Your objective: In this exercise, print only the lines of the records below from the one with "removable BBQ grill" through the one with "Para acceder a", inclusive. Pictures are not part of the copy.

------ Exercise materials ------

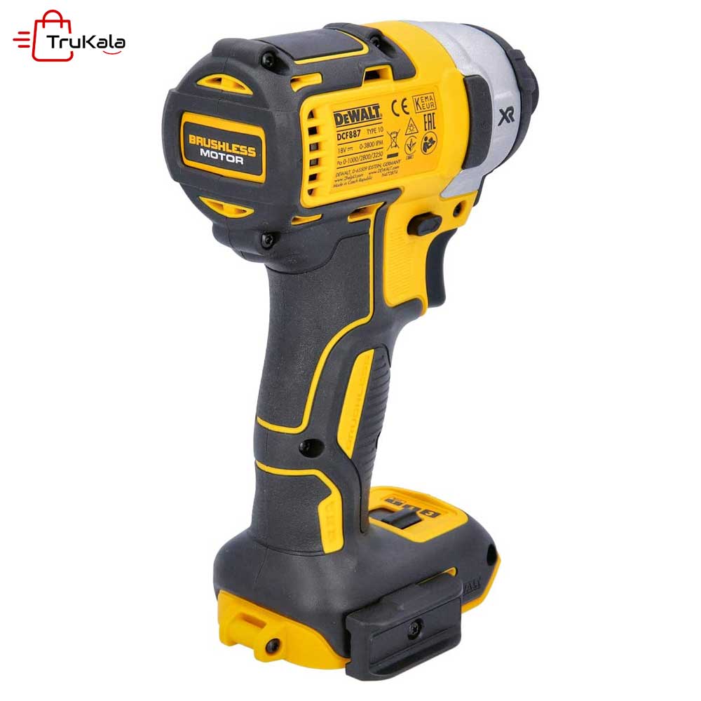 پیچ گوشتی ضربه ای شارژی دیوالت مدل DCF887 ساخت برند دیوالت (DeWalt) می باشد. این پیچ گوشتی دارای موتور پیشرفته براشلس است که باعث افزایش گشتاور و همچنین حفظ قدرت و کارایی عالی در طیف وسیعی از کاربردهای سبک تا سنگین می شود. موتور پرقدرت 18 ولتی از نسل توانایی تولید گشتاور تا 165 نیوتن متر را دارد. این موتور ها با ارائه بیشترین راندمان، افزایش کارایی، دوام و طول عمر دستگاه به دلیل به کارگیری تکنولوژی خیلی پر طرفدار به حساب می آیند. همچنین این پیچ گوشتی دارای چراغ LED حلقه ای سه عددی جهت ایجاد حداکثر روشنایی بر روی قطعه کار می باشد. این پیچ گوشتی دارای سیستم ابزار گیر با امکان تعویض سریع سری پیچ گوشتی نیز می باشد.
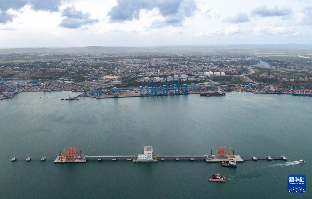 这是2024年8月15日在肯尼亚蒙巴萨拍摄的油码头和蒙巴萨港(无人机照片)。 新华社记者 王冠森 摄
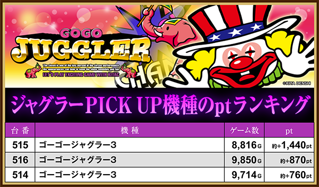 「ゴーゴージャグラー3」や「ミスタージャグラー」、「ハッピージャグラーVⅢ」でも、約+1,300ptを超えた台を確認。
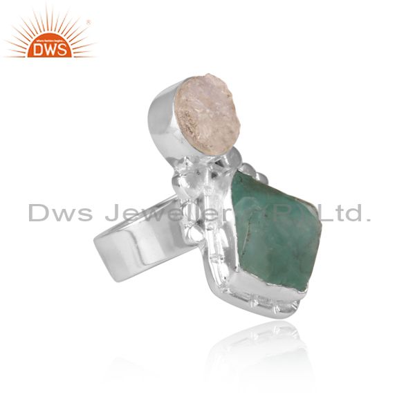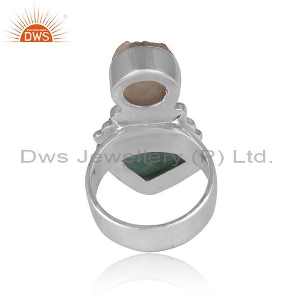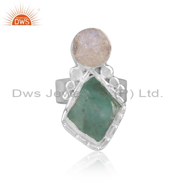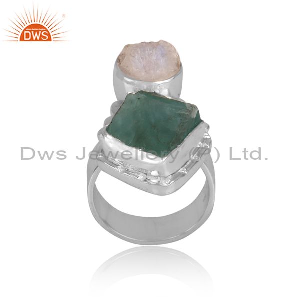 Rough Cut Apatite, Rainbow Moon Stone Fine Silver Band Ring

------
------ Exercise materials ------

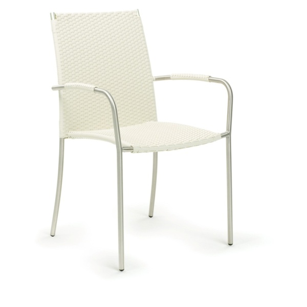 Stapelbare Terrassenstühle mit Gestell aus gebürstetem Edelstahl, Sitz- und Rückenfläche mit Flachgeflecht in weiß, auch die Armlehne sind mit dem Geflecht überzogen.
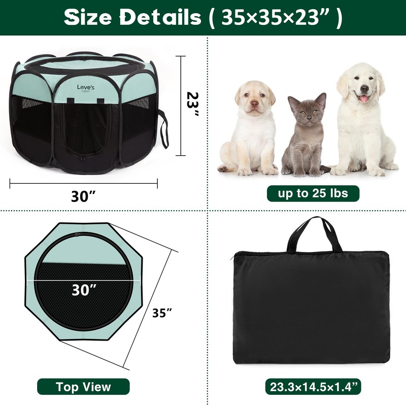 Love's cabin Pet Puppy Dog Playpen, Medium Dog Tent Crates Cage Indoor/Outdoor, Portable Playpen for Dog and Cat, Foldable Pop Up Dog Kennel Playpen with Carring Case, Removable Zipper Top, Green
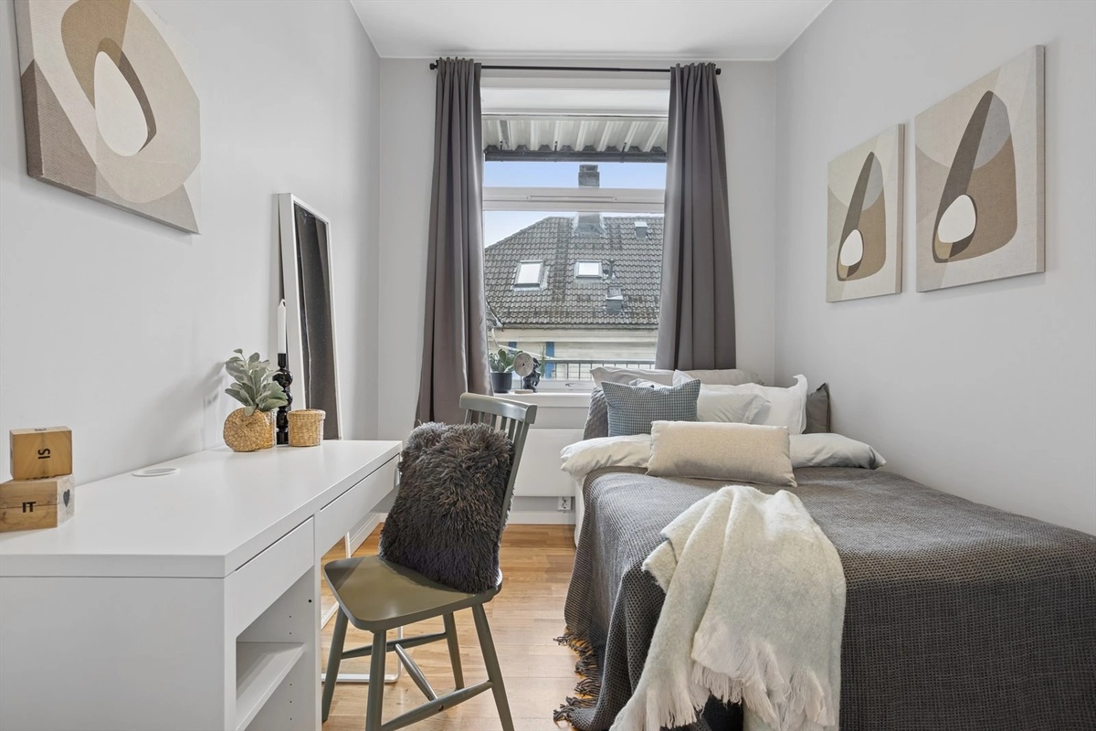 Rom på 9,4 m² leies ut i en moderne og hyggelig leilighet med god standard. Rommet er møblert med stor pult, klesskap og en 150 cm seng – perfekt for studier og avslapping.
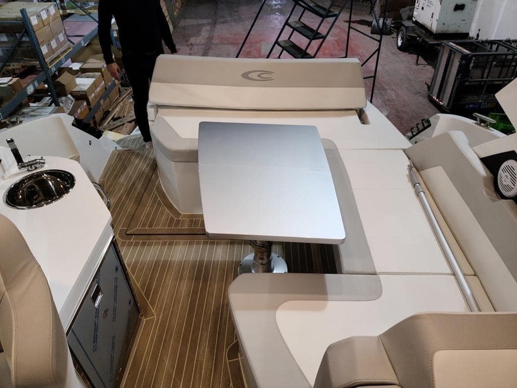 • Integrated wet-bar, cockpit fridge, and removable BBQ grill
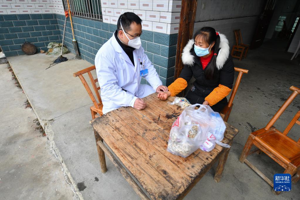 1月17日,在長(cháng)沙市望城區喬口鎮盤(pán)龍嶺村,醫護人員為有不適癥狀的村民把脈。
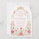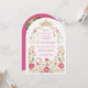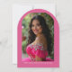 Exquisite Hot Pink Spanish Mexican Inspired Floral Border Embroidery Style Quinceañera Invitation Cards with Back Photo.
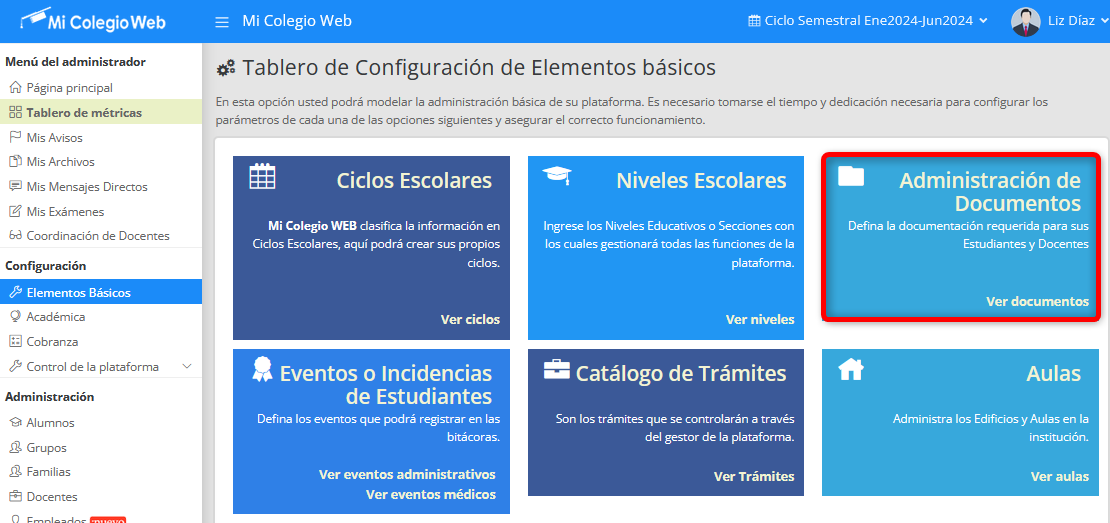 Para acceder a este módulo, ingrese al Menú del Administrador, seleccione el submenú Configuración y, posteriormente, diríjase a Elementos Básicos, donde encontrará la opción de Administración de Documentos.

------

Response to the task:
 • Integrated wet-bar, cockpit fridge, and removable BBQ grill
 1月17日,在長(cháng)沙市望城區喬口鎮盤(pán)龍嶺村,醫護人員為有不適癥狀的村民把脈。
 Exquisite Hot Pink Spanish Mexican Inspired Floral Border Embroidery Style Quinceañera Invitation Cards with Back Photo.
 Para acceder a este módulo, ingrese al Menú del Administrador, seleccione el submenú Configuración y, posteriormente, diríjase a Elementos Básicos, donde encontrará la opción de Administración de Documentos.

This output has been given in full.